Open benelot opened 6 years ago
Agree. I am also looking for the implementations of a2c algorithm in MuJoCo envs. It would be very helpful if someone can share the pre-trained models.
It also seems like the baselines algorithms are not compatible with action spaces that are not defined by integers (i.e. continuous space in the FetchReach robot)
@jeremyf21 the most of the baselines algorithms are applicable to both continuous and discrete action spaces; but policies (such as CnnPolicy, MlpPolicy etc) themselves may not be. This is partially addressed in this PR: https://github.com/openai/baselines/pull/385/files which makes policies in ppo2 submodule compatible with continuous action space (gym.spaces.Box), and with discrete action space (gym.spaces.Discrete). We have not implemented similar logic for multi-discrete action spaces, but it is coming up. Back to the original question though - I think it's a good idea to publish those if we still have them somewhere, but I am not sure we'll publish them specifically in baselines repo. I'll post here if I find out more.

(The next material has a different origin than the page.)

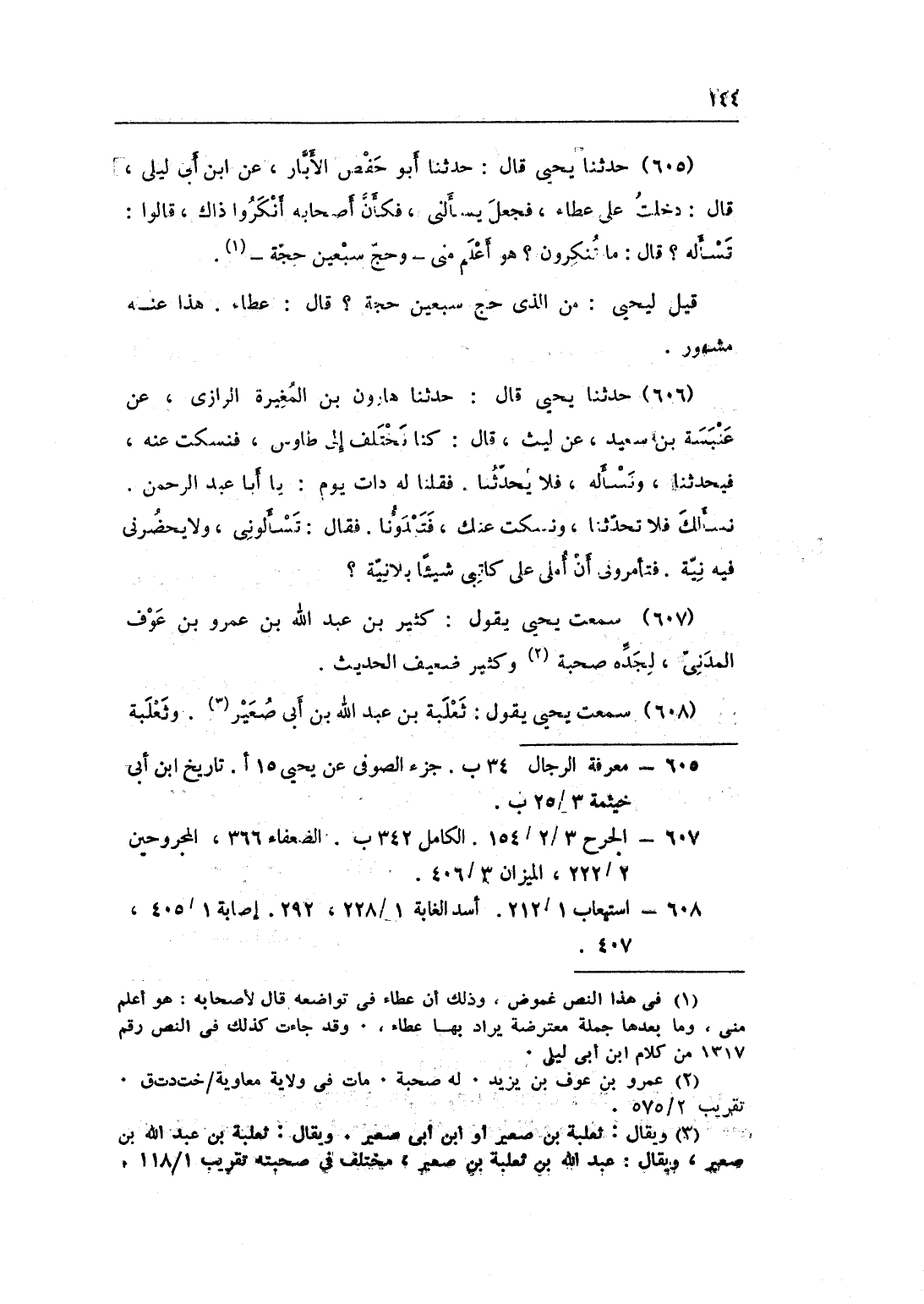 607 - سَمِعت يحيى يَقُول كثير بن عَمْرو بن عَوْف الْمدنِي لجده صُحْبَة وَكثير ضَعِيف الحَدِيث

As a part of the code quality improvement effort, it was decided (putting @joschu in the loop) to include the hyperparameters and document all tips and tricks needed to reproduce state-of-the-art results, but not include the trained models themselves, at least not in the first pass before we figure out good APIs (because as it stands at the moment different policy / model apis make transfer learning experiments difficult).
Hello,
I think I would be very helpful to have agents that are pre-trained on different gym environments. I am working on some transfer learning examples and it could be very helpful to have some baselines. Does anyone have pre-trained agents to experiment with?